Solve Velocity 4-Vector Homework

In summary, the directions from a source on the internet say to use the 4-vector technique to transform the velocity of an object to the target reference frame. First, the magnitude of the 4-vector is calculated using the square root of 1 plus the beta values for the x, y, and z directions. Next, the Lorentz transformation is used to transform the 4-vector into a 3-vector. Finally, the 3-vector is used to transform the velocity of the object into the target reference frame.
  • #1
MikeLizzi
239
6

Homework Statement


Given
Space Time Coordinate of object <t, x, y, z> = <0, 0, 0, 0>
Velocity of object as Vector <betaX, betaY, betaZ> = <.866, 0 ,0>
Velocity of target reference frame as Vector <betaX, betaY, betaZ> = <-.866, 0 ,0>

Transform velocity of object to the target reference frame using the 4-vector technique.

Homework Equations



The Attempt at a Solution


[/B]Following directions from a source on the internet...
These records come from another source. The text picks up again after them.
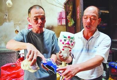 前場(chǎng)陳氏傳統(tǒng)糊紙技藝傳承人陳賜勇、陳賜堅(jiān)展示紙質(zhì)人偶面具。
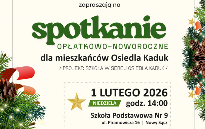 Zapraszamy mieszkańców Osiedla Kaduk do udziału w spotkaniu opłatkowo-noworocznym, organizowanym w ramach projektu "Szkoła w sercu Osiedla Kaduk".
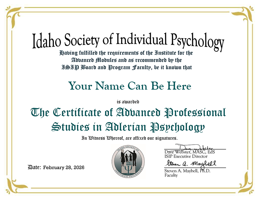 Earn your Certificate of Advanced Professional Studies in Adlerian Psychology!

Velocity as a 4-vector (tau, vx, vy, vz)
= <1, betaX, betaY, betaZ>
= <1, 0.866, 0.0, 0.0>

magnitude of 4-vector
= Sqrt( 1 + betaX * betaX + betaY * betaY + betaZ * betaZ )
= 1.3228590249909473

Velocity as a 4-vector normalized (tau, x, y, z)
= <1/magnitude, betaX/magnitude, betaY/magnitude, betaZ/magnitude>
= <0.7559384493044097, 0.6546426970976188, 0.0, 0.0>

Transform the 4-vector where L is the Lorentz Transform populated for the target velocity:
v' = Lv

resulting in v'(tau, x, y, z)
= <2.6454852575216505, 2.6183403845739543, 0.0, 0.0>

? I should be getting a vx value somewhere around .98c. Totally lost.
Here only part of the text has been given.